Em 2001, na Universidade Estadual de Ohio, nos Estados Unidos, Agostini produziu e investigou uma série de pulsos de luz consecutivos, na qual cada pulso durou apenas 250 attossegundos. Simultaneamente, o experimento de Krausz, do Instituto Max Planck, da Alemanha, isolou um único pulso de luz com duração de 650 attossegundos.

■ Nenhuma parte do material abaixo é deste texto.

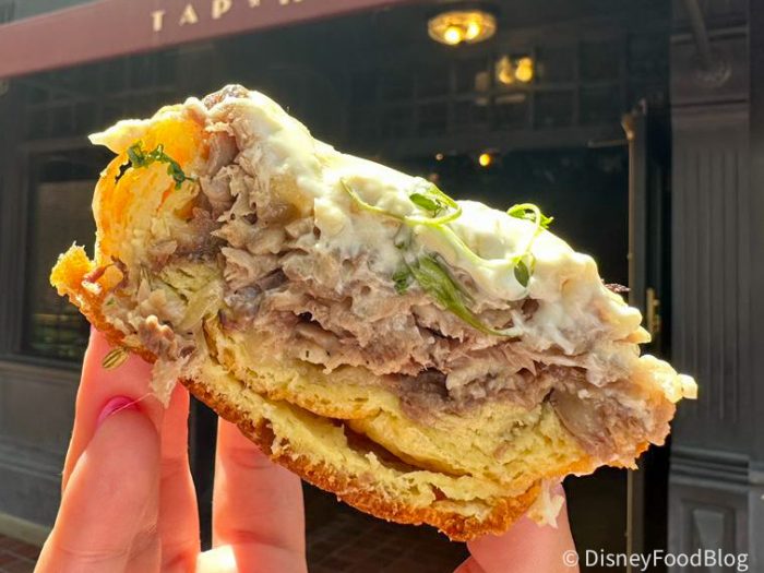 The bread puff lived up to its name by being light and fluffy. The beef filling reminded me of a Philly cheese steak with the thinly sliced meat and the cheese sauce over top — it had a great fondue-like cheese pull.

Essa é uma característica dos progressos da ciência. Segundo Hage, é habitual os pesquisadores fazerem contribuições aos resultados de outros cientistas. “Cada um vai construindo uma parte de um quebra-cabeça, que vai tomando forma conforme o trabalho evolui”, diz o professor. “Às vezes, sua formação permite produzir conhecimento num campo. Mas, a partir do momento que existe outra área do conhecimento que está usando ferramentas parecidas, você começa a trocar ideias e possibilidades, e isso leva ao avanço da pesquisa, mesmo em disciplinas não tão afins.”
Para os engenheiros, surge a perspectiva de outro paradigma em computação, não necessariamente ligado à computação quântica já testada nas grandes empresas de tecnologia. Essa inovadora frente de trabalho buscaria aumentar em milhares de vezes a capacidade de processamento das máquinas, com efeitos notáveis no tempo gasto em simulações por computador, uma aplicação prática no dia a dia dos engenheiros.
É difícil prever o que vai acontecer. A física sueca Eva Olsson, presidente do Comitê do Nobel de Física, disse que, desvendado o mundo dos elétrons, o próximo passo é utilizar os mecanismos da ciência do attossegundo. “Tudo é tão novo que haverá desdobramentos causados por esses novos desenvolvimentos, que são exponenciais”, afirma Hage. “O Nobel indica que investigar as estruturas atômicas é, sem dúvida, um dos desafios deste século para a Física.”